SUMMARY OF THE CASE
B (Parent Company) is consisting of three shareholders , which are directors of B & A ( Mr Whitehouse & Mr Hick= 3000 shares and C= 7000 shares ). B was in debt with C (Vendor Company), amounting to ₤93000. For the full repayment of debt in B, C agreed to transfer it’s shares to directors of B & A at par value, provided if indebtedness to them is fully discharged. So, directors of B & A arranged A(Subsidiary) to pay for the debt. Consequently, this share transfer made directors of B & A as the sole shareholders of B. Subsequently, A and B went into liquidation. The liquidators took action against C and directors of B & A, on behalf of A for the return of the ₤93000. Issue : Whether Armour Hick Northern Ltd (subsidiary)has given a financial assistance to Armour Trust Ltd through the repayment of debt (₤93000), for the purpose or in connection with the purchase of the shares in Armour Hick & Partners Ltd (parent), in regards of purchase by directors of both companies? PRINCIPAL : Section 67(1)
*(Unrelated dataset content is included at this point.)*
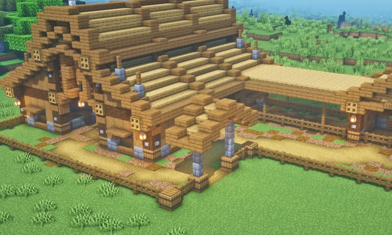 On the ground floor, there’s enough space for 12 llamas or horses to lounge without feeling cramped. If you’re more of a horse fan, you can use this space for breeding the best steeds in Minecraft. Head upstairs, and there’s a loft for storage—a narrow but useful spot for hay bales, chests, and even a cozy bed for the traveling wanderer. Outside, there’s an enclosure where you can feed and tame your animals, and there’s even room for a wall of chests for all your farming supplies. The lighting inside gives it a warm, homey feel, and the stylish archway at the entrance makes it a real head-turner.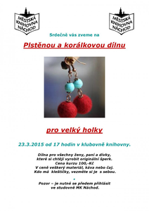 Srdečně Vás zveme na plstěnou a korálkovou dílnu pro velký holky. 23.3.2015 od 17 hodin v klubovně knihovny. Dílna pro všechny ženy, paní a dívky, které si chtějí vyrobit originální šperk. ...

Dealing by a company in its own shares
Except as is otherwise expressly provided by this Act no company shall give, whether directly or indirectly and whether by means of a loan, guarantee or the provision of security or otherwise, any financial assistance for the purpose of or in connection with a purchase or subscription made or to be made by any person of or for any shares in the company or, where the company is a subsidiary, in its holding company or in any way purchase, deal in or lend money on its own shares.